Thursday, June 12, 2008

 

CURRENCY SWAP

Knee-jerk critics of the WTO might have overlooked an intriguing exchange that took place in Geneva on June 11. If I understand it correctly, the China flipped and the US flopped.

The exchange arose in the course of the annual trade policy review of the United States conducted this week. China challenged the US to explain the “causal link between dollar depreciation and food price hike, and possibly global wide inflation,” according to a text used by the Chinese representative at the June 11 session.

The US took an obdurate stance in response. First, the dollar exchange rate is “wholly market determined.” China didn’t challenge this.

Second, the USTR-led delegation would not comment on activities of the Federal Reserve, referring the Chinese to the Fed’s Web site. The Chinese understandably found this irritating. The spokesman carped: “it has been the practice of the Review Mechanism that leading agency of a Member would coordinate with and seek response from all other relevant authorities, including those in charge of monetary policies.” That seems not only reasonable but essential to any sort of meaningful policy discussion.

Third, China says the US took the position that “international discussion of these topics would occur in the IMF and the WTO is not the appropriate forum to discuss the US monetary policy.” On this point, the Chinese took great umbrage. They noted that “a continuous depreciation of the US dollar … would obviously affect economy and trade of other [WTO] Members, particularly the developing ones.”

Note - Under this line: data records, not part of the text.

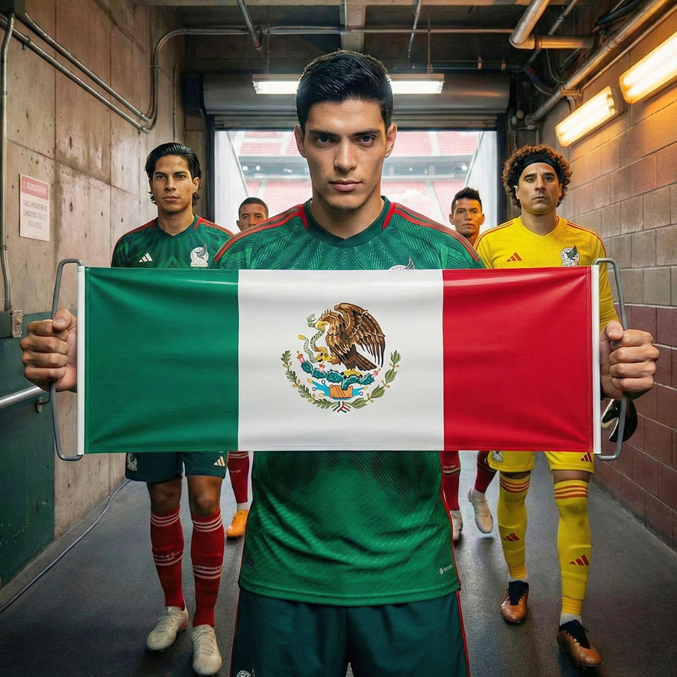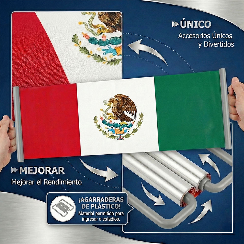 Bandiera Retrattile del Messico, Accessorio per Feste, Tessuto Oxford 600D, Colori Verde/Bianco/Rosso, Design Moderno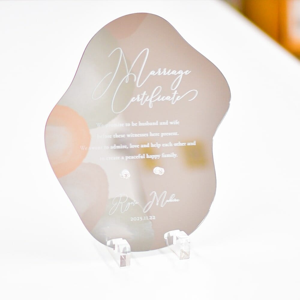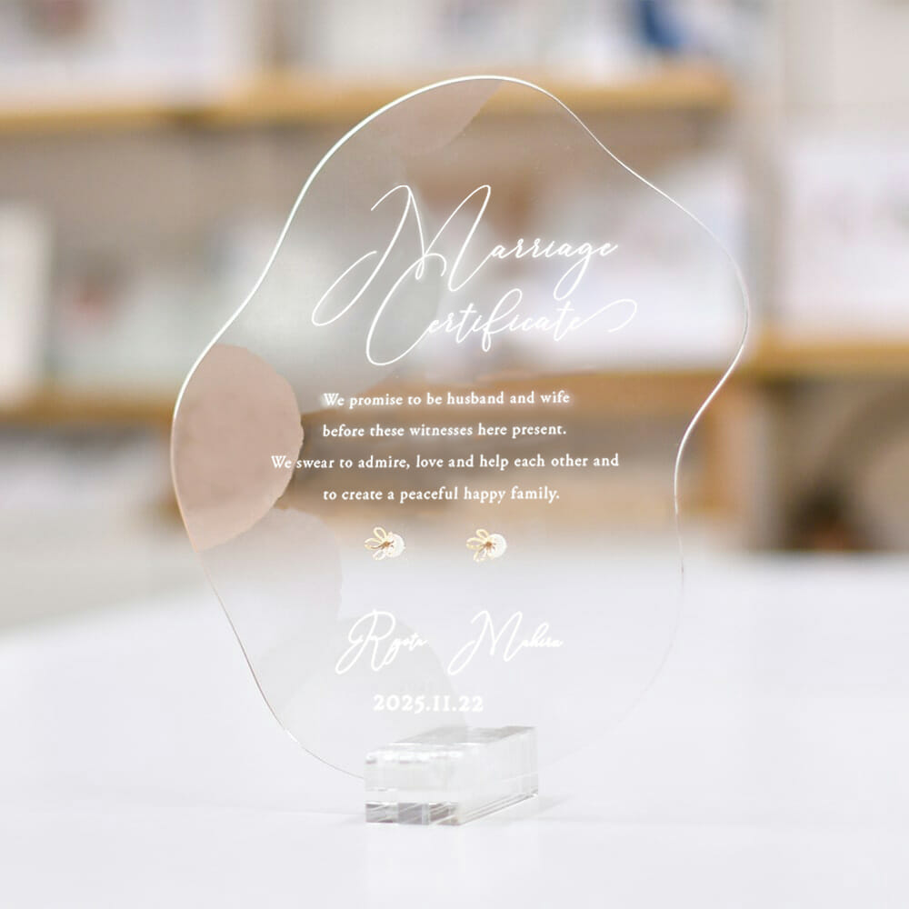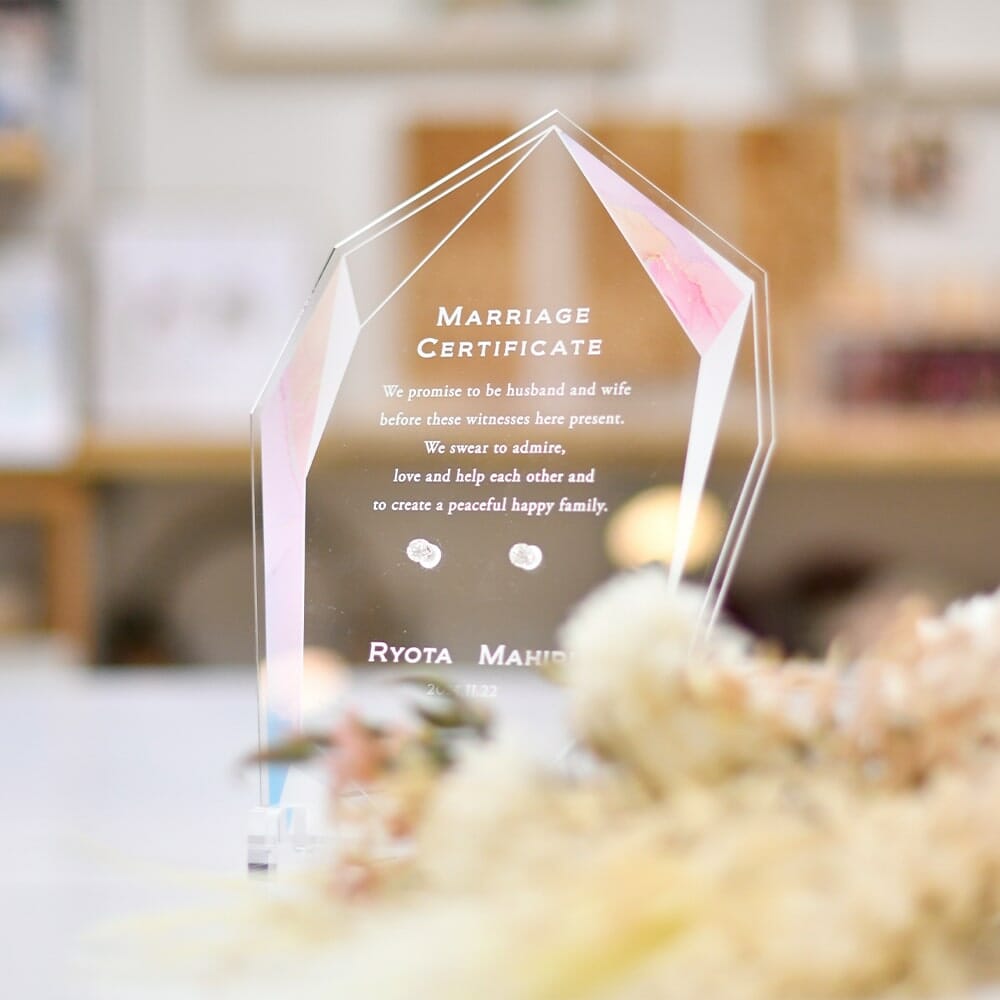 例えば… ユニークで個性的!アクリル「結婚証明書」を大胆アレンジ
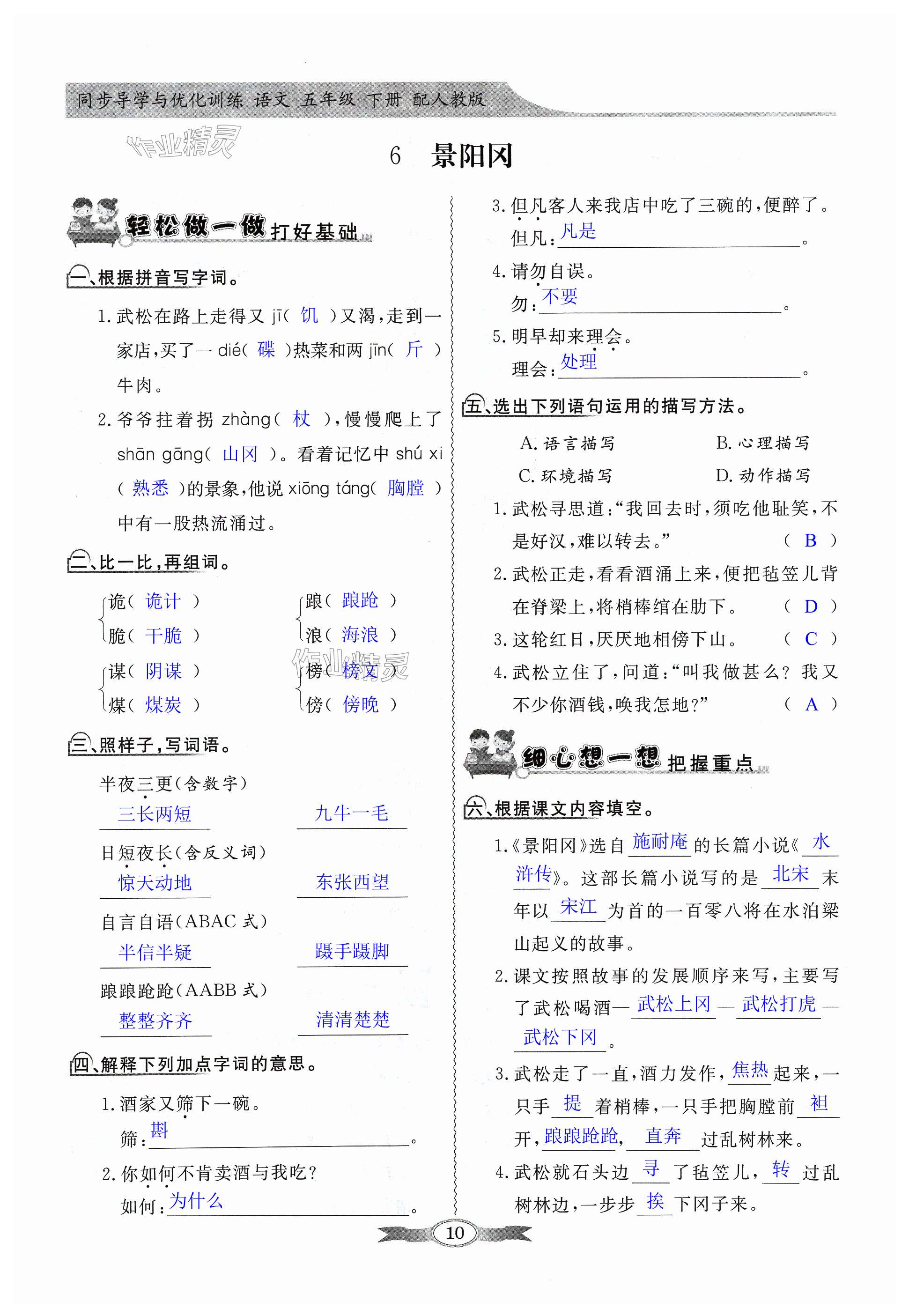 注:目前有些书本章节名称可能整理的还不是很完善,但都是按照顺序排列的,请同学们按照顺序仔细查找。练习册 2024年同步导学与优化训练五年级语文下册人教版 答案主要是用来给同学们做完题方便对答案用的,请勿直接抄袭。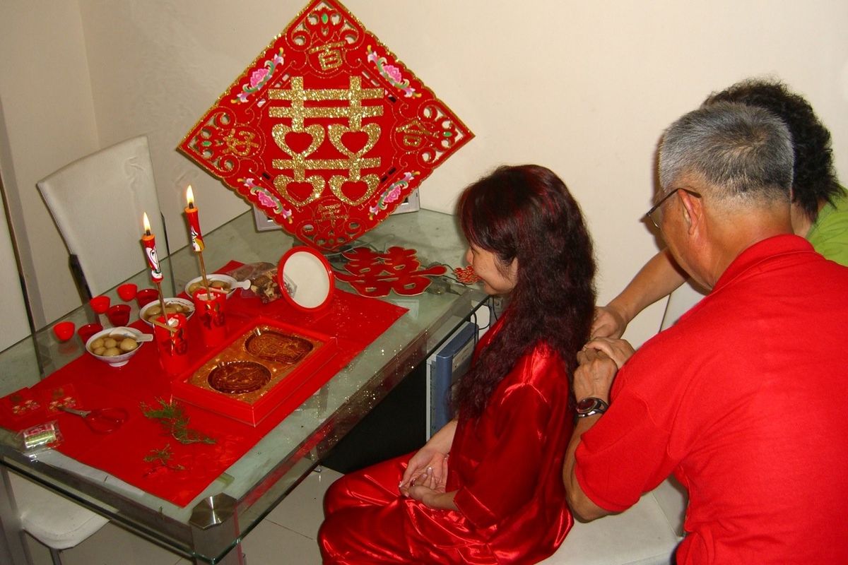 در این جشن، یک نمایش اسلایدی از عکسهای دوران کودکی عروس و داماد نیز اجرا میشود. هنگامی که یک مراسم عروسی چینی را ترک میکنید، معمولا به شما هدایای عروسی کوچکی مانند شکلات، آب نبات یا حتی عکسهایی به اندازه کیف پول گرفته شده از زوج قبل از عروسی داده میشود.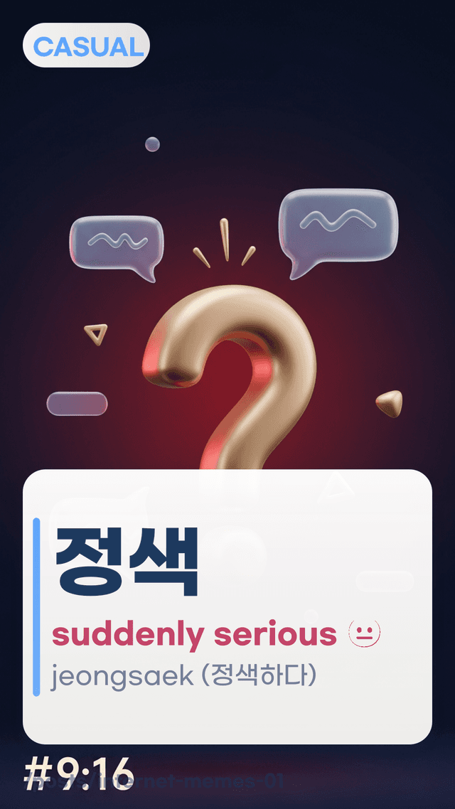 What does 정색 mean? It means suddenly going serious or deadpan, usually after a joke.
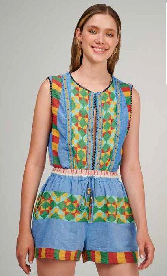 This coloured shorts are incredibly comfortable with beautiful patchwork. Adjustable tassels.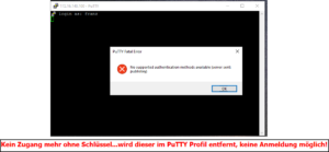 Ziel: der Zugang zu einem Server per SSH-Verbindung soll nur noch mit Authentifizierung per Schlüsselpaar gestattet werden.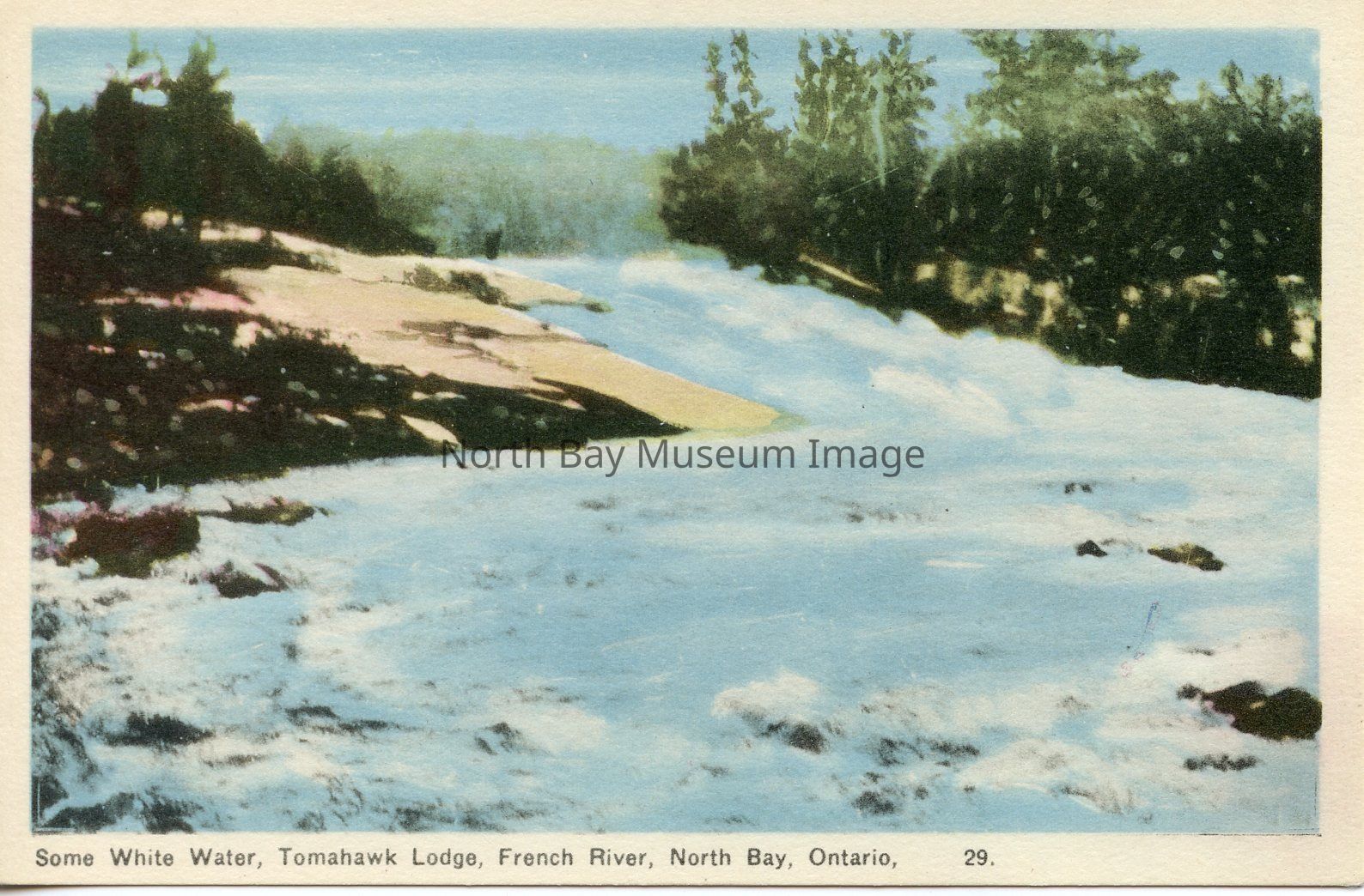 This is a coloured postcard. The image is of white water, at Tomahawk Lake, on the French River, near North Bay, on. Trees line the shoreline.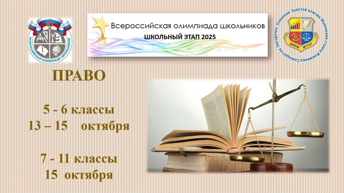 Дорогие ребята! 🤗 Приглашаем вас принять участие (с 13 по 15 октября 5-6 классы и 13 октября 7-11 классы) в школьном этапе олимпиады по праву. С 22 сентября 2025 года до особого распоряжения оргкомитета школьный этап всероссийской олимпиады будет проходить в резервной тестирующей системе https://online.olimpiada.ru/ Для участия в турах школьникам необходимо получить индивидуальные коды в своей школе. С заданиями прошлых лет можете ознакомиться на сайте: https: //vos.olimpiada.ru/archive/table/tasks/years/2024_2025 Памятка для участника: https://vos.olimpiada.ru/2025/school/memo Желаем удачи! 💐 #ДОНМ #ШколыКолледжиМосквы #Школа1747

Recalling our comment on Steve Hanke’s analysis of the dollar/rice nexus, that point seems entirely fair. But then the Chinese unloaded on the American “double standard,” noting that at last month’s review of Chinese trade policies, the US had insisted repeatedly on tying to draw China into a defense of its currency policy. The US position, he chided, seemed to be that the “WTO is an appropriate forum to discuss monetary policies of other Members including China, but not of the US.” Ouch!

The WTO’s predecessor was sometimes derided as the Gentlemen’s Agreement to Talk and Talk. The Trade Policy Review Mechanism is one of the best features of the Uruguay Round reforms of the GATT. It forces each country to expose itself periodically to world public opinion. That’s not legally binding, of course, but it does have its uses.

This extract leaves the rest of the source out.